### WORK INSTRUCTIONS
In the material below, begin at the line that has "Снимите четырёхконтактный адаптер", stop after the line that has "Блузка женская из", and transcribe those lines exactly, without pictures.

### RECORDED DATA
• • •

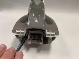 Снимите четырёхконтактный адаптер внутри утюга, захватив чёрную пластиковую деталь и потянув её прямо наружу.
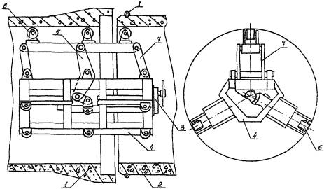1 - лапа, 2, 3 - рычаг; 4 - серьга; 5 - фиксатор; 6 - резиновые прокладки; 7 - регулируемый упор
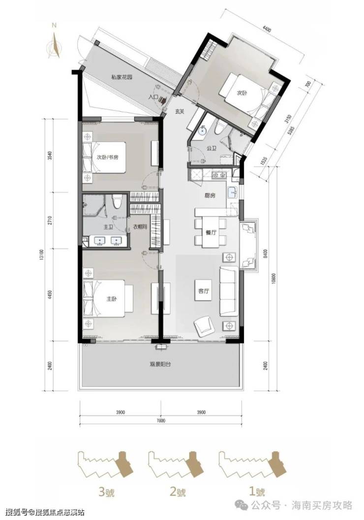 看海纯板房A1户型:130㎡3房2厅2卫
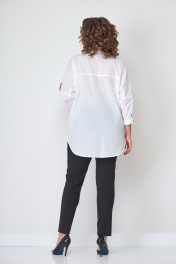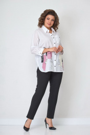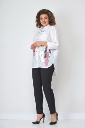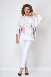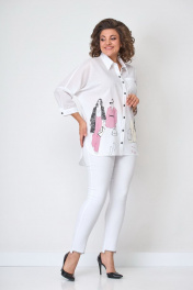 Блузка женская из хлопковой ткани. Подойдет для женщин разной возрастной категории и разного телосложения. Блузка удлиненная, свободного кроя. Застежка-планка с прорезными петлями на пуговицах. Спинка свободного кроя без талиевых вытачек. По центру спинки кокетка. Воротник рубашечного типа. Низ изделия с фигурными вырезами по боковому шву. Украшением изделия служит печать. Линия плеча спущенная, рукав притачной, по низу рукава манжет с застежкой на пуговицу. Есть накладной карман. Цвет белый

• • •

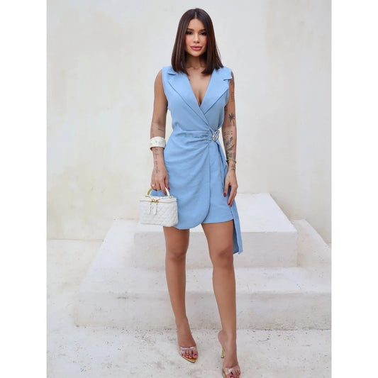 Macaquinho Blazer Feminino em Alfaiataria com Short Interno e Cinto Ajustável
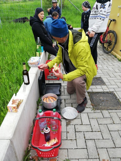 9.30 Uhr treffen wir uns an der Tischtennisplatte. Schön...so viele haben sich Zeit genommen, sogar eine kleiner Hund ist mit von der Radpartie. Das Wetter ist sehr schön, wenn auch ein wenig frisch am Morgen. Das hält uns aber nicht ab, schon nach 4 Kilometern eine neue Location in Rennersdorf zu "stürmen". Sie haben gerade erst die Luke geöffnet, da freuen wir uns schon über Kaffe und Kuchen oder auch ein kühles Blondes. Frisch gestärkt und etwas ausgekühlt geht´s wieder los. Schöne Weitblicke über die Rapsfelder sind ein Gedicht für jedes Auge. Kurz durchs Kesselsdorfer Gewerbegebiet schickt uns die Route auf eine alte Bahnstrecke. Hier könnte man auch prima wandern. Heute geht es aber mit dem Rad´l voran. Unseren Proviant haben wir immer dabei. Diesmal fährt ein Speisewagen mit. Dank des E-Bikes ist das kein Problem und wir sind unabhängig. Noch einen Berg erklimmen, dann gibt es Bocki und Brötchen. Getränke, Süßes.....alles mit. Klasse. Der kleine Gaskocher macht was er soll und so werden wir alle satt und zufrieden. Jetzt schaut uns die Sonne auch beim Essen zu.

• • •

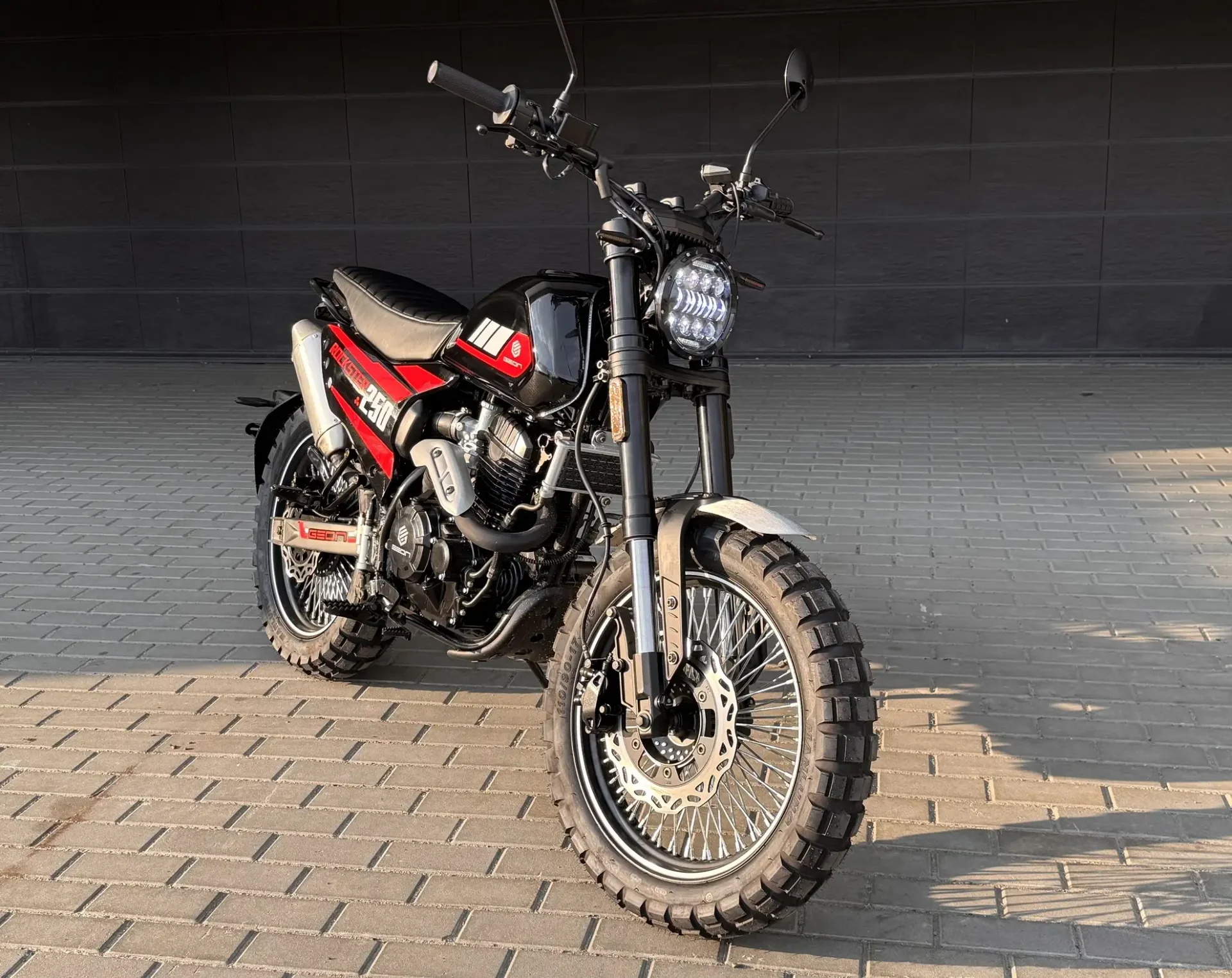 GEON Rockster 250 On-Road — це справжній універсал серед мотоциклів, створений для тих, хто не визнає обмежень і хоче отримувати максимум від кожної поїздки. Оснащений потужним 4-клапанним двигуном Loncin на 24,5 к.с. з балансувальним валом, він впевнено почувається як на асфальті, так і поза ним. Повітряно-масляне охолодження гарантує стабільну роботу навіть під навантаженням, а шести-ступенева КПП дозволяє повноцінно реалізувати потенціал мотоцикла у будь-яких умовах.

• • •

### WRITTEN ANSWER
 Снимите четырёхконтактный адаптер внутри утюга, захватив чёрную пластиковую деталь и потянув её прямо наружу.
1 - лапа, 2, 3 - рычаг; 4 - серьга; 5 - фиксатор; 6 - резиновые прокладки; 7 - регулируемый упор
 看海纯板房A1户型:130㎡3房2厅2卫
 Блузка женская из хлопковой ткани. Подойдет для женщин разной возрастной категории и разного телосложения. Блузка удлиненная, свободного кроя. Застежка-планка с прорезными петлями на пуговицах. Спинка свободного кроя без талиевых вытачек. По центру спинки кокетка. Воротник рубашечного типа. Низ изделия с фигурными вырезами по боковому шву. Украшением изделия служит печать. Линия плеча спущенная, рукав притачной, по низу рукава манжет с застежкой на пуговицу. Есть накладной карман. Цвет белый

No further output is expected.